## [Source data]
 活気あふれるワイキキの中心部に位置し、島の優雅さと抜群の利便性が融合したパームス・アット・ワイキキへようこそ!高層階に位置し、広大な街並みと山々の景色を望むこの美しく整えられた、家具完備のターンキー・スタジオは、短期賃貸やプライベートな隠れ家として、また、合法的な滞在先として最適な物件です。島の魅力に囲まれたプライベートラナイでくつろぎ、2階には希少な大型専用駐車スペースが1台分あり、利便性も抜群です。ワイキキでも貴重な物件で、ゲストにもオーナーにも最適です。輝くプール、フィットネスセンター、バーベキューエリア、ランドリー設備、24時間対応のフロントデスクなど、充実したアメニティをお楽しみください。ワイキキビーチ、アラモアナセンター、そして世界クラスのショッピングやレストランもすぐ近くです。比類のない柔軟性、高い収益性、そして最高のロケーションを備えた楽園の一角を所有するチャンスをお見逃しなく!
==
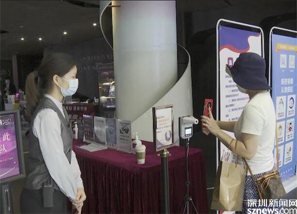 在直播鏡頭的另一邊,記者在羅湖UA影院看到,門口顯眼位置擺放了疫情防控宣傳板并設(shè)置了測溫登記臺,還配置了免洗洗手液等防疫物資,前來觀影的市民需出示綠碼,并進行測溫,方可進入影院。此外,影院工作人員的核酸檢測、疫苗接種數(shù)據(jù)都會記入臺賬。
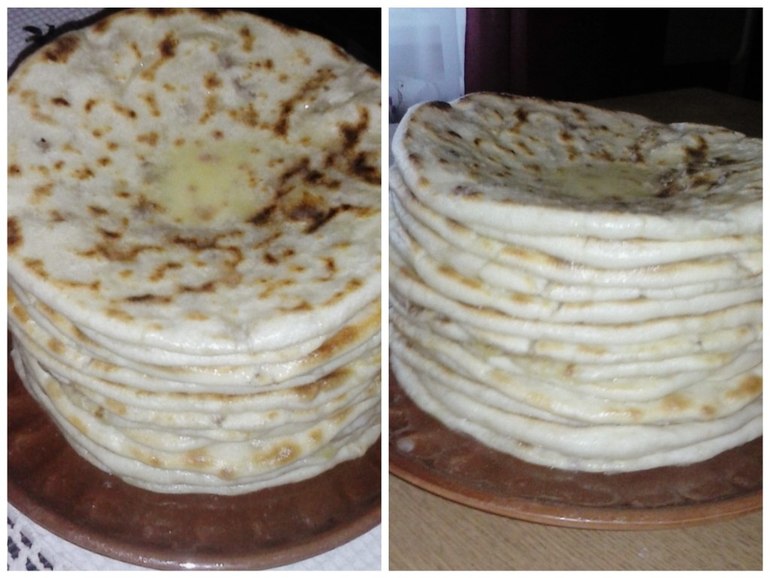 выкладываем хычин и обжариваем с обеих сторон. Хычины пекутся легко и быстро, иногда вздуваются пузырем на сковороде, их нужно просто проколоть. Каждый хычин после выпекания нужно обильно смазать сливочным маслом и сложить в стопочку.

## [Your instructions]
Using the data above, give again exactly the lines starting at the one holding "在直播鏡頭的另一邊,記者在羅" and ending at the one holding "выкладываем хычин и", inclusive, and nothing more. Omit the pictures.

## [Expected output]
 在直播鏡頭的另一邊,記者在羅湖UA影院看到,門口顯眼位置擺放了疫情防控宣傳板并設(shè)置了測溫登記臺,還配置了免洗洗手液等防疫物資,前來觀影的市民需出示綠碼,并進行測溫,方可進入影院。此外,影院工作人員的核酸檢測、疫苗接種數(shù)據(jù)都會記入臺賬。
 выкладываем хычин и обжариваем с обеих сторон. Хычины пекутся легко и быстро, иногда вздуваются пузырем на сковороде, их нужно просто проколоть. Каждый хычин после выпекания нужно обильно смазать сливочным маслом и сложить в стопочку.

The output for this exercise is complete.